SAO PAULO, (Thomson Reuters Foundation) – More than three-quarters of Brazilians think Amazon rainforest fires have hurt the country’s image – and that environmental protection should become a priority for the country, even at an economic cost, a new survey has found.
The study on climate change views, organized by Brazil’s Institute of Technology and Society and the U.S.-based Yale Program on Climate Change Communication, found younger Brazilians in particular see global warming as a major threat to their lives now, as well as in the future. But such views are so far having little impact on Brazil’s politics or on elections, said Marcello Brito, co-facilitator of the Brazilian Climate, Forests and Agriculture Coalition, which promotes a low-carbon economy in the country.
For now, “short-term objectives have more weight than long-term ones” when it comes to voting, Brito said. Those include issues such as jobs and healthcare.
Losses of Brazil’s Amazon rainforest, a bulwark against climate change, have surged since the 2018 election of Brazil’s right-wing President Jair Bolsonaro, has called for development of the region.
But concerns about forest destruction are rising in Brazil, according to the telephone survey of 2,600 people, carried out across a range of regions and age groups last September and October and released this week.
More than 90% of those questioned said worsening fires in the Amazon were hurting Brazil’s quality of life and were a threat to the planet.
More than eight in 10 Brazilians said the fires had hurt the nation’s international image, and 78% thought they could hurt trade between the South American giant and other countries.
The perception survey, conducted by the Brazilian Institute of Public Opinion and Statistics (IBOPE), used questions comparable to those asked by the Yale University program in similar climate change surveys in the United States.
Perhaps surprisingly, the survey found limited differences in worries about global warming among people with different political views.
Of respondents who described themselves as left-leaning, 87% agreed Brazil should protect the environment even at the cost of slower economic growth and creation of fewer jobs.
But 84% of self-described centrists – and 68% of those on the right of the political spectrum – also agreed with that statement.
Level of education had a greater effect on views, with 82% of those with at least a high school education saying they were at least somewhat concerned about climate change, compared to 54% with only a primary school education.
Paulo Moutinho, a senior researcher at the Amazon Environmental Research Institute (IPAM), said that while Brazilians across the political spectrum expressed worries about deforestation in the survey, the reality was more complex.

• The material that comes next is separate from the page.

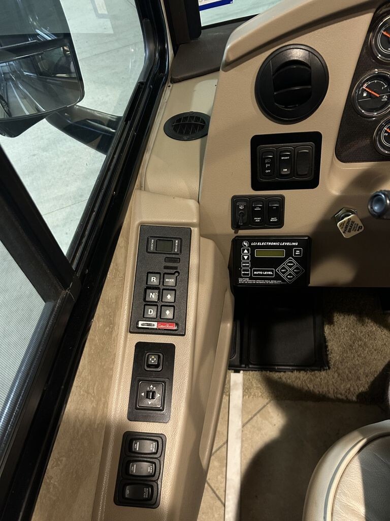 Step inside and youll find a beautifully appointed interior where residential comfort meets thoughtful functionality. The spacious living area features comfortable seating, rich wood cabinetry, and large panoramic windows that bring the outdoors in. With multiple slide-outs expanding the living space, this coach feels open, airy, and ideal for both relaxing and entertaining.
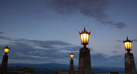 Evening light with illuminated urn as a lamp on balcony wall.

“More than 80% of Brazilians favor the end of deforestation – but this answer changes a lot if you ask people how to get there,” he said, noting worries efforts to end deforestation could affect agriculture.
Suely Araújo, a senior specialist in public policy at the Brazilian Climate Observatory, said she did not anticipate the survey results having much influence on Brazil’s political leadership.
In fact, with recently strengthened congressional support, she said, she expected Bolsonaro’s government to push ahead with efforts to open protected indigenous land in the Amazon to gold mining.
Paulo Artaxo, an environmental physicist at the University of São Paulo and contributor to the Intergovernmental Panel on Climate Change, told the Thomson Reuters Foundation he similarly saw little sign the survey would shift Brazil’s politics.
“Whereas most of the Brazilian population favors measures to mitigate climate change and sees it as a threat to our society, we have a congress and a presidency that acts in opposition to that,” he said.
“We do not have a government that represents the Brazilian population,” he said.